Divertimento

Netflix: Novità di Febbraio 2026 tra Serie e Film

Il mese di febbraio 2026 si preannuncia ricco di novità per gli abbonati a Netflix, con l'introduzione di nuovi titoli e il ritorno di produzioni molto attese che amplieranno l'offerta di intrattenimento. La piattaforma di streaming si prepara a deliziare il suo pubblico con una varietà di generi, dalle storie romantiche ai thriller d'azione, fino alle avventure ambientate nel mondo delle corse automobilistiche, assicurando un calendario entusiasmante per gli spettatori.

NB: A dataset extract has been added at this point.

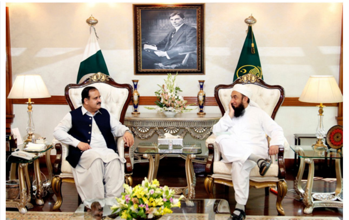
LAHORE: Chief Minister Usman Buzdar meeting with religious scholar Molana Tariq Jamil.

PESHAWAR: Minister for Local Government and Rural Development Khyber Pakhtunkhwa Akbar Ayub Khan on Tuesday took charge of his office after taking oath. The new minister was given a detailed briefing about functions and mandate of the department. Addressing the officers, he expressed gratitude to the high leadership for assigning local government and rural development department portfolio, adding he made every effort for the uplift of education sector and continued reforms process in line with the vision of Prime Minister Imran Khan. He also expressed thanks to the staff of the education department for extending their support in implementation of reforms and cooperation in routine work. He vowed to do extra for development of local government and rural development department, adding he would ensure timely completion of masses' welfare-oriented projects besides launching new projects. He said more focus would be given on the development of the merged tribal districts so that its people could get benefits in wake of the merger. He said that work on digitalization policy would be further expedited. He said that local government sector played a key role in prosperity and development of province and added that its importance with regard to resolution of public problems could not be overlooked.

Tra le serie televisive più attese, spicca la seconda parte della quarta stagione di Bridgerton, disponibile dal 26 febbraio, che continua a seguire le vicende sentimentali dell'aristocrazia londinese, con un focus particolare sul secondogenito Benedict. Un altro ritorno di rilievo è The Night Agent, con la sua terza stagione, che vedrà Gabriel Basso riprendere il ruolo di Peter Sutherland in nuove e avvincenti sfide, con un debutto fissato per il 19 febbraio. Inoltre, l'introduzione della serie italiana Motorvalley, a partire dal 10 febbraio, promette di catturare l'attenzione con la sua trama avvincente che intreccia passione per le auto, adrenalina e storie personali di riscatto, con protagonisti Luca Argentero e Giulia Michelini. Sul fronte cinematografico, il catalogo si arricchisce con diversi film, tra cui La vita va così (5 febbraio), Io sono Rosa Ricci (18 febbraio), La vera regina degli scacchi (6 febbraio), Single ma non troppo (13 febbraio) e Les Orphelins (20 febbraio), offrendo una vasta gamma di scelte per gli amanti del grande schermo.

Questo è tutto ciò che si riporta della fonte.